Notice pour la Fédération française des ciné-clubs
Éclaircissements sur le film Hurlements en faveur de Sade
Le spectacle est permanent. L’importance de l’esthétique fait encore, après boire, un assez beau sujet de plaisanteries. Nous sommes sortis du cinéma. Le scandale n’est que trop légitime. Jamais je ne donnerai d’explications. Maintenant tu es toute seule avec nos secrets. À L’ORIGINE D’UNE BEAUTÉ NOUVELLE et plus tard dans le grand désert liquide et borné de l’allée des Cygnes (tous les arts sont des jeux médiocres et qui ne changent rien) son visage était découvert pour la première fois de cette enfance qu’elle appelait sa vie. Les conditions spécifiques du cinéma permettaient d’interrompre l’anecdote par des masses de silence vide. Tous les parfums de l’Arabie. L’aube de Villennes. À L’ORIGINE D’UNE BEAUTÉ NOUVELLE. Mais il n’en sera plus question. Tout cela n’était pas vraiment intéressant. Il s’agit de se perdre.
Guy-Ernest Debord
Notice écrite en novembre 1952.
Liberté PROVISOIRE
Bien sûr la nuit tu rêves si tu pouvais toujours dormir mais la vie menace à chaque angle il y a des flics et des indics dans les bistros les filles de ton âge sont marquées par la jeunesse.
Gil J Wolman
Extraits de la presse à propos de l’affaire Chaplin
« Les feux de la rampe ont fait fondre le fard du soi-disant mime génial et l’on ne voit plus qu’un vieillard sinistre et intéressé. » (Finis les pieds plats, 29/10/52. Tract lancé par l’Internationale lettriste à la réception de Chaplin à Paris.)
« Les lettristes signataires du tract contre Chaplin sont seuls responsables du contenu outrancier et confus. » (Jean-Isidore Isou, Combat, 1/11/52.)
« Nous croyons que l’exercice le plus urgent de la liberté est la destruction des idoles, surtout quand elles se recommandent de la liberté… Les indignations diverses nous indiffèrent. Il n’y a pas de degrés parmi les réactionnaires.
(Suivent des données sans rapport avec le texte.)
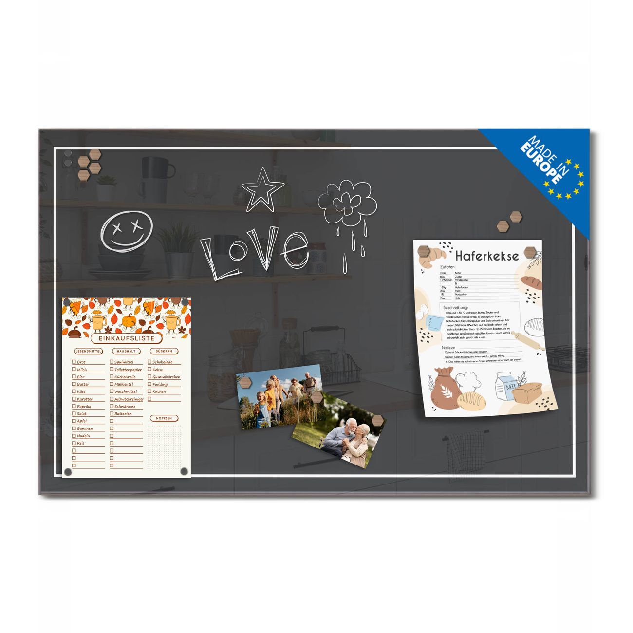 Auf der glatten Glasoberfläche lassen sich Termine, Rezepte oder Notizen ganz einfach mit Kreidestiften festhalten und rückstandslos entfernen. Starke Neodym-Magnete halten Ihre wichtigsten Erinnerungen sicher an Ort und Stelle. So entsteht Ihre ganz persönliche Ideenwand - jeden Tag neu.

Nous les abandonnons à toute cette foule anonyme et choquée. » (« Position de l’Internationale lettriste », Combat, 2/11/52.)
« Nous nous passionnons si peu pour les littérateurs et leurs tactiques que l’incident est presque oublié ; que c’est vraiment comme si Jean-Isidore Isou ne nous avait rien été… » (Guy-Ernest Debord, « Mort d’un commis voyageur », Internationale lettriste, n° 1.)
« “Charlot” emporte la médaille d’or du cent cinquantenaire de la Préfecture de Police que lui a décerné hier après-midi M. Jean Baylot, ainsi qu’un bâton blanc-breloque qu’il a suspendu à sa boutonnière. » (« Charlie Chaplin quitte Paris », France-Soir, 10/11/52.)
Grève générale
Il n’y a aucun rapport entre moi et les autres. Le monde commence le 24 septembre 1934. J’ai dix-huit ans, le bel âge des maisons de correction et le sadisme a enfin remplacé Dieu. La beauté de l’homme est dans sa destruction. Je suis un rêve qui aimerait son rêveur. Tout acte est lâcheté parce que justification. Je n’ai jamais rien fait. Le néant perpétuellement cherché, ce n’est que notre vie. Descartes a autant de valeur qu’un jardinier. Il n’y a qu’un mouvement possible : que je sois la peste et décerne les bubons. Tous les moyens sont bons pour s’oublier : suicide, peine de mort, drogue, alcoolisme, folie. Mais il faudrait aussi abolir les porteurs d’uniformes, les filles de plus de quinze ans encore vierges, les êtres réputés sains et leurs prisons. Si nous sommes quelques-uns prêts à tout risquer, c’est parce que nous savons maintenant que l’on n’a jamais rien à risquer et à perdre. Aimer ou ne pas aimer tel ou telle, c’est exactement la même chose.
Jean-Michel Mension
Fragments de recherches pour un comportement prochain
La nouvelle génération ne laissera plus rien au hasard. (Gil J Wolman)
De toutes façons on n’en sortira pas vivants. (Jean-Michel Mension)
L’Internationale lettriste veut la mort, légèrement différée, des arts. (Serge Berna)
Délibérément au-delà du jeu limité des formes, la beauté nouvelle sera DE SITUATION. (Guy-Ernest Debord)
Internationale lettriste n° 2, feuille ronéotypée recto-verso, février 1953.